(Beginning of Given data)
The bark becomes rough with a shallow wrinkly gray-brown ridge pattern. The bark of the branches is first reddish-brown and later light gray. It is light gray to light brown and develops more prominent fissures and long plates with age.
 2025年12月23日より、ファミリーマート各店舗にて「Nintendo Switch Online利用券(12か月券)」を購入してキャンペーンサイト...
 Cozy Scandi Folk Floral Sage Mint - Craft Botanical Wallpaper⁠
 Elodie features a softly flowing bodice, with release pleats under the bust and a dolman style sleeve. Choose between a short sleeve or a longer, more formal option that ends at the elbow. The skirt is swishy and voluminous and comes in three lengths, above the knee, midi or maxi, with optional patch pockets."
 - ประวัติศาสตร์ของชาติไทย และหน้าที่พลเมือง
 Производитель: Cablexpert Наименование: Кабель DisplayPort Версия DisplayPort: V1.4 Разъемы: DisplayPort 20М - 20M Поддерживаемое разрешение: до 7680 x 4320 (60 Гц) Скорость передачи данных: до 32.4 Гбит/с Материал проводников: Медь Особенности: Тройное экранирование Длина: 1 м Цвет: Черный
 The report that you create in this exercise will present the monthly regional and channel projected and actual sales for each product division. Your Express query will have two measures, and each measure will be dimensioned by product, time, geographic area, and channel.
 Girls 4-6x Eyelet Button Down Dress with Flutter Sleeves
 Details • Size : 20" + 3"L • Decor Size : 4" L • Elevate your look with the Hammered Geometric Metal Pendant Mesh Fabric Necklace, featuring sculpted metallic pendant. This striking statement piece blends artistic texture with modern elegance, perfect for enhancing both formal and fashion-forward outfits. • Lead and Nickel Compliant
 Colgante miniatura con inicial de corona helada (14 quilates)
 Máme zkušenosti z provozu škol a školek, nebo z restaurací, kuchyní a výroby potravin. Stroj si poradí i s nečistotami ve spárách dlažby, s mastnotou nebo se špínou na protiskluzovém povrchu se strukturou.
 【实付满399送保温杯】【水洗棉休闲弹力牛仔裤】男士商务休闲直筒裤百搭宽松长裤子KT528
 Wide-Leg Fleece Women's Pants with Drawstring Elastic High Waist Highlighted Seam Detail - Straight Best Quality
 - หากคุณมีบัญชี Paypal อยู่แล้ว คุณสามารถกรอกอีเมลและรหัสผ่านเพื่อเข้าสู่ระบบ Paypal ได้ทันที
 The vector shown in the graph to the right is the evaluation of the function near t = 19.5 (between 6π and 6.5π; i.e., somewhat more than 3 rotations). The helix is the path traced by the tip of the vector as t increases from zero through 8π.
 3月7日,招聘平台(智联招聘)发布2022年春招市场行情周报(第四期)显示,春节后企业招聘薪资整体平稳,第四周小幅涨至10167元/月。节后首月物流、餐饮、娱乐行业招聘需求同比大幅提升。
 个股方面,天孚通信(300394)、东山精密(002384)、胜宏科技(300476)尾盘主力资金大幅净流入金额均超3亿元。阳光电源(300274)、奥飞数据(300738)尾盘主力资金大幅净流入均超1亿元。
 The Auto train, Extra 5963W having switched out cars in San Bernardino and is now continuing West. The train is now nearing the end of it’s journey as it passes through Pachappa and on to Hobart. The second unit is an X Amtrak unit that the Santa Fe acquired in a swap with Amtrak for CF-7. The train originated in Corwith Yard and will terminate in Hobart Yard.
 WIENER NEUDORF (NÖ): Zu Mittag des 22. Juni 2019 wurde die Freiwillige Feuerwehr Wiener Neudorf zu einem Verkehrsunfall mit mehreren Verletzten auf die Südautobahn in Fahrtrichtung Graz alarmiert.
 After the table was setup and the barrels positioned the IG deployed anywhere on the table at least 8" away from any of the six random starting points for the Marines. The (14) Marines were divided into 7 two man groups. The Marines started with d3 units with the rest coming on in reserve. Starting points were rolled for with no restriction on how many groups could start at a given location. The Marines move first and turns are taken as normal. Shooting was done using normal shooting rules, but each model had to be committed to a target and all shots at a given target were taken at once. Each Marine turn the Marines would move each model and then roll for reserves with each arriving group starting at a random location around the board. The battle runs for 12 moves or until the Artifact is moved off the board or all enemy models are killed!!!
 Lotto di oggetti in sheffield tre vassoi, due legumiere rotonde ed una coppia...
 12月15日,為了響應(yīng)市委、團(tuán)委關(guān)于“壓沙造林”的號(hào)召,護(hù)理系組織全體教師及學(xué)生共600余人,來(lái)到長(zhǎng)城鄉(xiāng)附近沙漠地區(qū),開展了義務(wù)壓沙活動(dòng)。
(End of Given data)
= Work instruction =
Could you reproduce exactly the lines of the entries above, from the one with "The vector shown" through the one with "WIENER NEUDORF (NÖ): Zu", and nothing else?

= Output below =
 The vector shown in the graph to the right is the evaluation of the function near t = 19.5 (between 6π and 6.5π; i.e., somewhat more than 3 rotations). The helix is the path traced by the tip of the vector as t increases from zero through 8π.
 3月7日,招聘平台(智联招聘)发布2022年春招市场行情周报(第四期)显示,春节后企业招聘薪资整体平稳,第四周小幅涨至10167元/月。节后首月物流、餐饮、娱乐行业招聘需求同比大幅提升。
 个股方面,天孚通信(300394)、东山精密(002384)、胜宏科技(300476)尾盘主力资金大幅净流入金额均超3亿元。阳光电源(300274)、奥飞数据(300738)尾盘主力资金大幅净流入均超1亿元。
 The Auto train, Extra 5963W having switched out cars in San Bernardino and is now continuing West. The train is now nearing the end of it’s journey as it passes through Pachappa and on to Hobart. The second unit is an X Amtrak unit that the Santa Fe acquired in a swap with Amtrak for CF-7. The train originated in Corwith Yard and will terminate in Hobart Yard.
 WIENER NEUDORF (NÖ): Zu Mittag des 22. Juni 2019 wurde die Freiwillige Feuerwehr Wiener Neudorf zu einem Verkehrsunfall mit mehreren Verletzten auf die Südautobahn in Fahrtrichtung Graz alarmiert.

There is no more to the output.